Yes. A DC gave me a watch a few years ago with an infinity symbol on it. The symbol floats up off the watch and hovers when I look at it, then it spins around.

----------


## spd

> Yes. A DC gave me a watch a few years ago with an infinity symbol on it. The symbol floats up off the watch and hovers when I look at it, then it spins around.

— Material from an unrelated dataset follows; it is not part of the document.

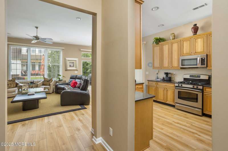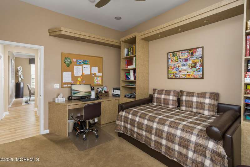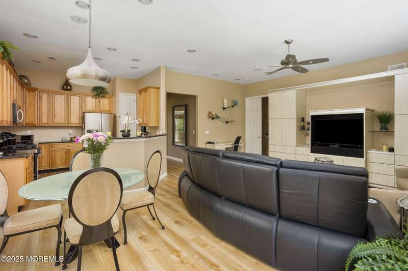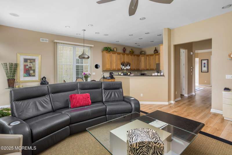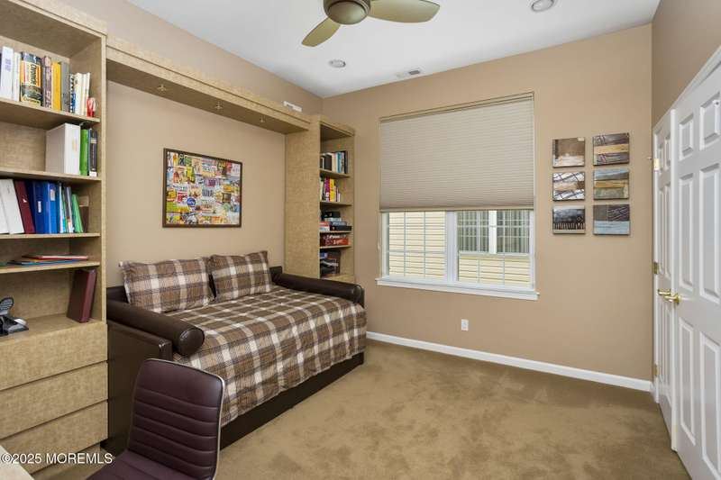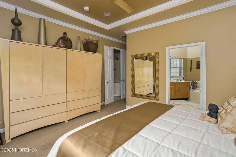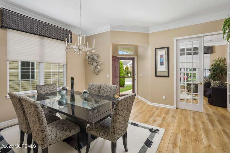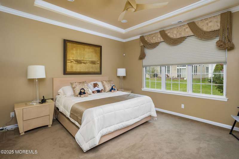 Welcome to 25 Copernicus Ct in the sought-after Riviera at East Windsor, a premier 55+ resort-style community by Toll Brothers. This one-owner home offers 2 spacious bedrooms, 2 full baths, plus a versatile bonus room perfect for an office, den, or guest space. Step inside to find high ceilings, crown molding in select rooms, neutral paint, and windows that flood the home with natural light. The bright, airy layout is enhanced with luxury LVT flooring, custom window coverings, and upgraded light fixtures and ceiling fans throughout. Bedrooms feature plush carpeting, while the kitchen boasts stainless steel appliances, granite countertops, and newer appliances for a modern touch. The primary suite includes a spa-like ensuite with dual sinks, and the two-car garage offers additional storage. Home can be furnished or delivered vacant. Step out to a peaceful, beautifully landscaped backyard patio perfect for relaxing and entertaining guest. Enjoy the benefits of the clubhouse and its many amenities: indoor and outdoor pools, a fitness center, tennis courts, shuffleboard, and a scenic fitness trail over a mile long that winds throughout the community. The location is unbeatable just minutes to express buses on Route 130 and Princeton Junction station, offering fast and convenient train service to New York City. Don't miss your chance to live in this vibrant community and enjoy the lifestyle you deserve!

 that is awesome, time to incubate and draw a certain dream jewellery item of my own  :tongue2:

----------


## imda1

Nice idea. But how will you know if you are wearing it? Wont it be better to ask a google glass thing, as a heads up display, so you wouldn't depend on luck to see the dreamsign on you?

----------


## Baron Samedi

> Nice idea. But how will you know if you are wearing it? Wont it be better to ask a google glass thing, as a heads up display, so you wouldn't depend on luck to see the dreamsign on you?



If you are wearing it on your wrist, you will see it when you do a "hand-look" RC. I also have an HUD in dreams for a dreamsign, amongst other things, but I haven't got it to stay up all the time. All reality checks and dreamsigns have their pros and cons. "Better" depends on the individual usually, (though there are some that are clearly phail, such as the ol' "pinch-myself" RC, because it's based on the wrong assumption that we cannot feel pain in dreams.)

----------


## TwitchLucidity

> If you are wearing it on your wrist, you will see it when you do a "hand-look" RC. I also have an HUD in dreams for a dreamsign, amongst other things, but I haven't got it to stay up all the time. All reality checks and dreamsigns have their pros and cons. "Better" depends on the individual usually, (though there are some that are clearly phail, such as the ol' "pinch-myself" RC, because it's based on the wrong assumption that we cannot feel pain in dreams.)



Could you explain the HUD thing here or on another thread? Sounds interesting.  :smiley:

----------